Data entries:
[Start of section]
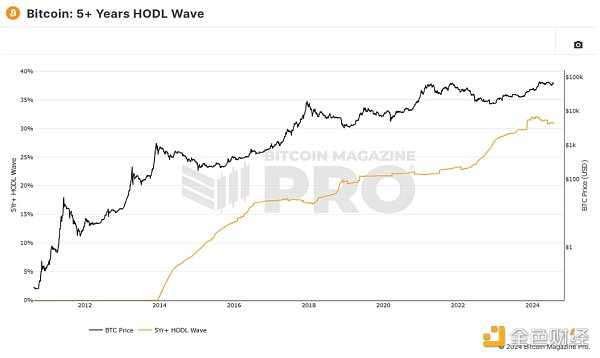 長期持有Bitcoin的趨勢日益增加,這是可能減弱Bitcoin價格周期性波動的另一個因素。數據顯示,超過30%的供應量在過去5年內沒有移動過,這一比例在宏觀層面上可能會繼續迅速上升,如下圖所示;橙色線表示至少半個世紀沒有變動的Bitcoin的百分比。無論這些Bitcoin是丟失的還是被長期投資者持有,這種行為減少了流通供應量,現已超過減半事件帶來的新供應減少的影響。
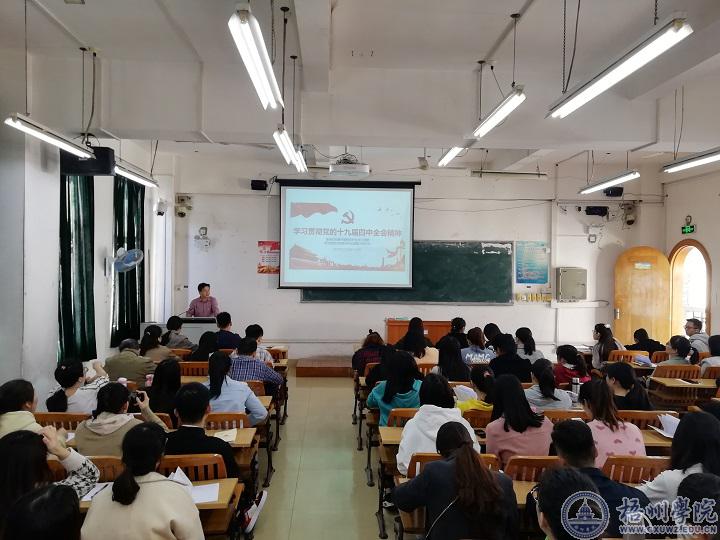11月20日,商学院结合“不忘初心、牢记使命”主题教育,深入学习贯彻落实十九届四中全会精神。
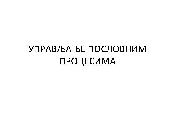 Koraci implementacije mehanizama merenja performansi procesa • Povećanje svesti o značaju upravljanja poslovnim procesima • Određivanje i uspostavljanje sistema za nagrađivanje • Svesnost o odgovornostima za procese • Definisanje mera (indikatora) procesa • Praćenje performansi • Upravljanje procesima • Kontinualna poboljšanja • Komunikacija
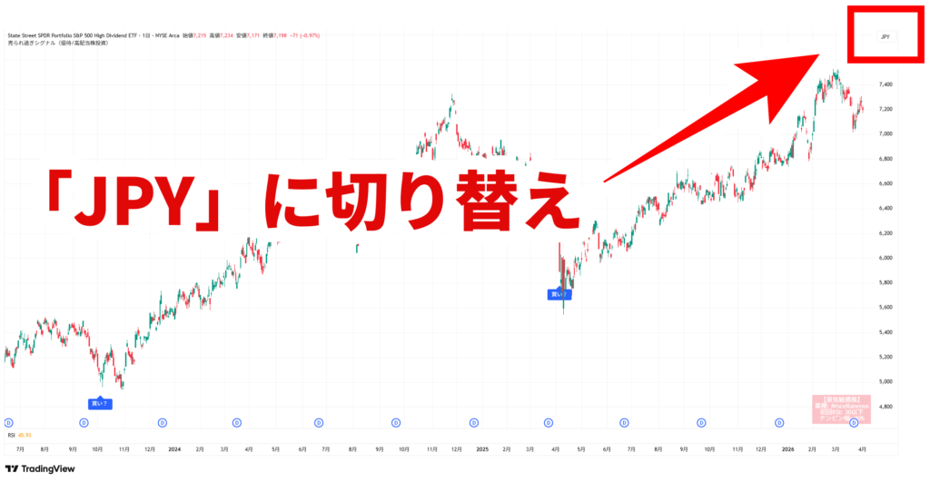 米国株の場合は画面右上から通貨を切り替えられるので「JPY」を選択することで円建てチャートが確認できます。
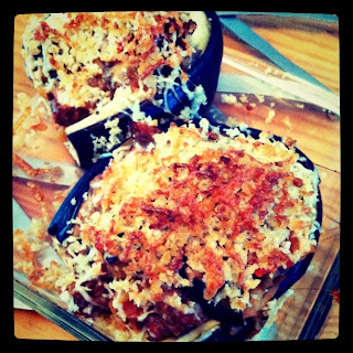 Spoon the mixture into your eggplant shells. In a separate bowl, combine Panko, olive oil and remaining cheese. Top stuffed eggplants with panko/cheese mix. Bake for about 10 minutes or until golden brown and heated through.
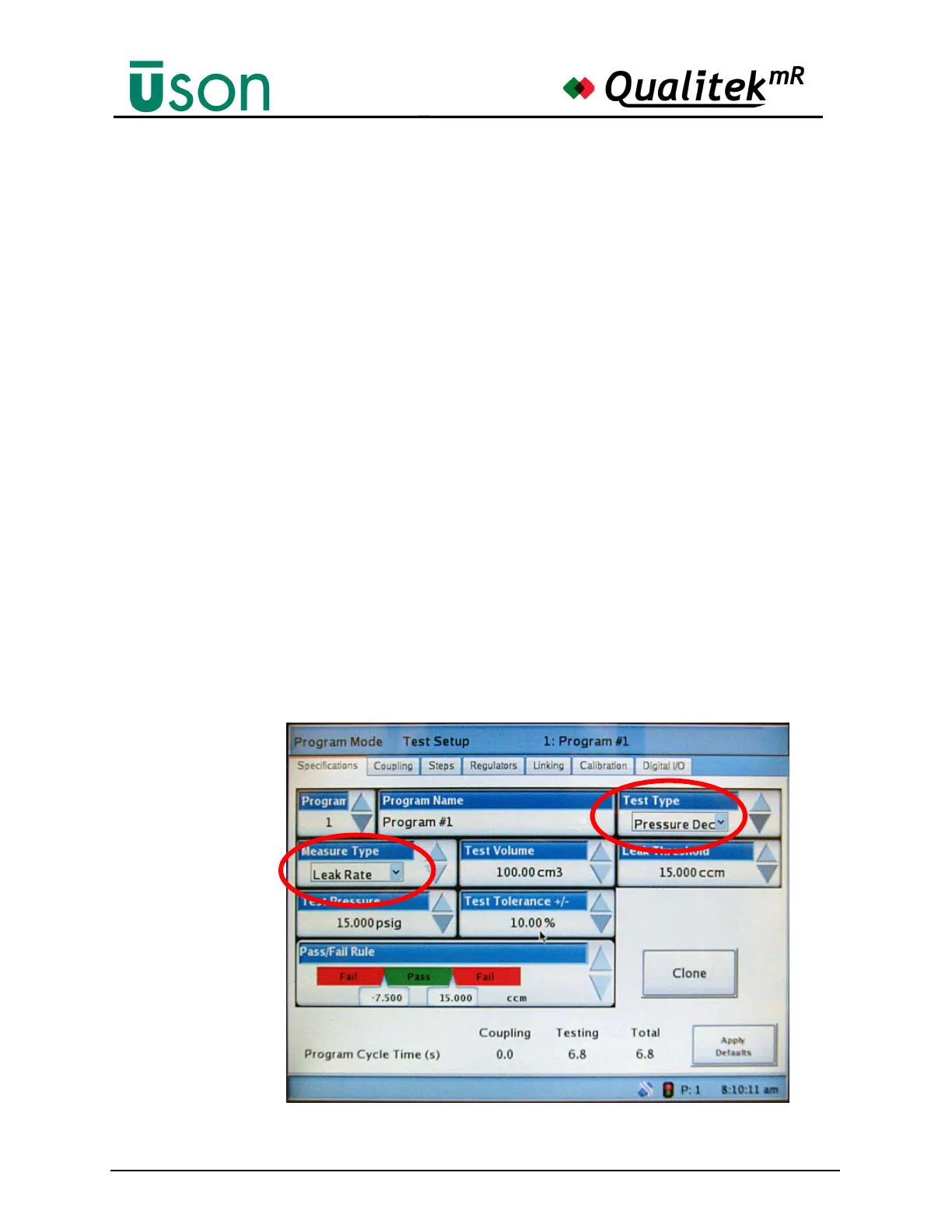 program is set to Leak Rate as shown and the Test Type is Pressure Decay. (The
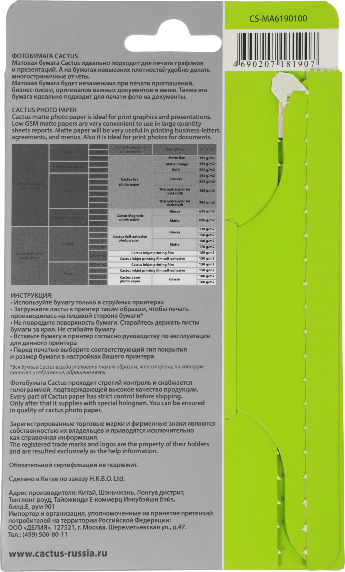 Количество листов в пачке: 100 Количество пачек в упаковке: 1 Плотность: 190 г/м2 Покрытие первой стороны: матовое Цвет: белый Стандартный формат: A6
[End of section]
[Start of section]
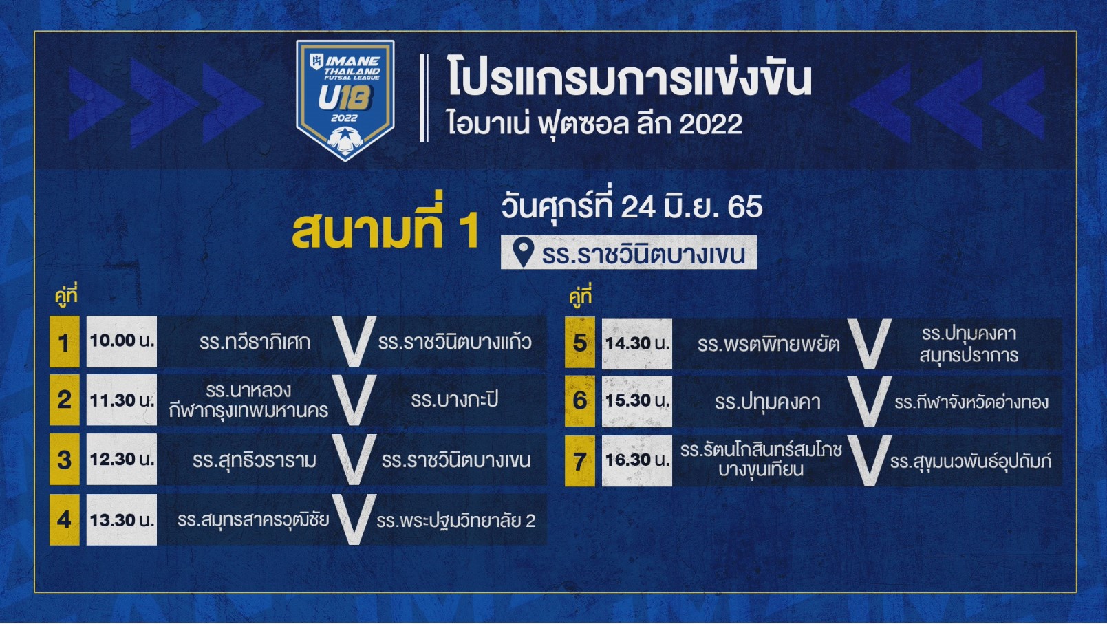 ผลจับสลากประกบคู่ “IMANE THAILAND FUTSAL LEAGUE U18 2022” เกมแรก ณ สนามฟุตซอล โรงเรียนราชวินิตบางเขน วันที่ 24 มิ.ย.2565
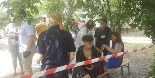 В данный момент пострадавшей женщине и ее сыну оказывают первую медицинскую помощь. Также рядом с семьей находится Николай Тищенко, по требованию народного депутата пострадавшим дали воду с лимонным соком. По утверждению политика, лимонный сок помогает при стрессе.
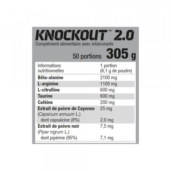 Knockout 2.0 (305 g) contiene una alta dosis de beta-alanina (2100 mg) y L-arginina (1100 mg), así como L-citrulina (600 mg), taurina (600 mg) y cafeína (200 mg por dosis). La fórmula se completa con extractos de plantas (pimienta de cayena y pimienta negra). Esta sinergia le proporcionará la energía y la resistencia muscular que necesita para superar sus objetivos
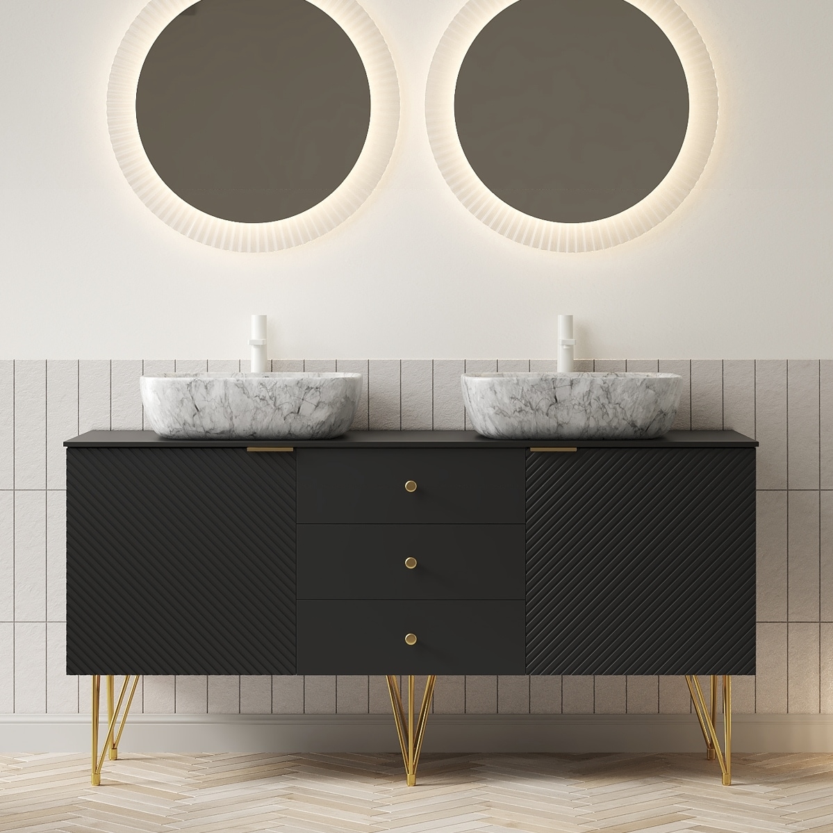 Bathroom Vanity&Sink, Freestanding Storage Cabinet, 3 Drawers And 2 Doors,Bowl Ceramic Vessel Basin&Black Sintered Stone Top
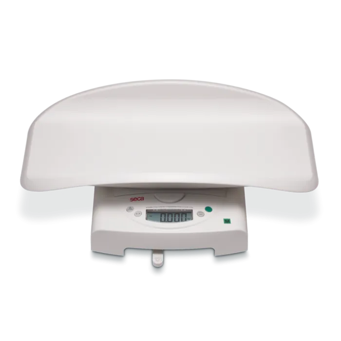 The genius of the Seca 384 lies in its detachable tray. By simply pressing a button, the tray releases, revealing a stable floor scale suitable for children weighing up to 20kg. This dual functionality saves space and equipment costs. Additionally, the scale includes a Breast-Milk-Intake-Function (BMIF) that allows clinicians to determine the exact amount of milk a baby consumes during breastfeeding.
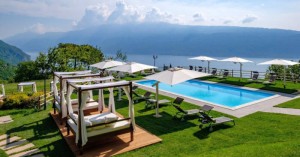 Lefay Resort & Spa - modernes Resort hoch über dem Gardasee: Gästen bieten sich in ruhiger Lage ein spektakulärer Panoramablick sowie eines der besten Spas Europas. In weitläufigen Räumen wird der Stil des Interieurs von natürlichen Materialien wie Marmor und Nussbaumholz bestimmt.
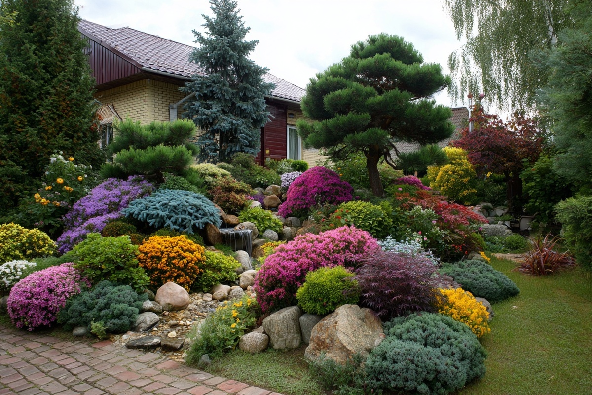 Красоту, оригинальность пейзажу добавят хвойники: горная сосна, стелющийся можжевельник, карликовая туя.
[End of section]
• [Your assignment]
Pictures do not belong in the answer. Return the lines above starting at the one with "program is set" and ending at the one with "Количество листов в", both kept, exactly.

• [Answer to this exercise]
 program is set to Leak Rate as shown and the Test Type is Pressure Decay. (The
 Количество листов в пачке: 100 Количество пачек в упаковке: 1 Плотность: 190 г/м2 Покрытие первой стороны: матовое Цвет: белый Стандартный формат: A6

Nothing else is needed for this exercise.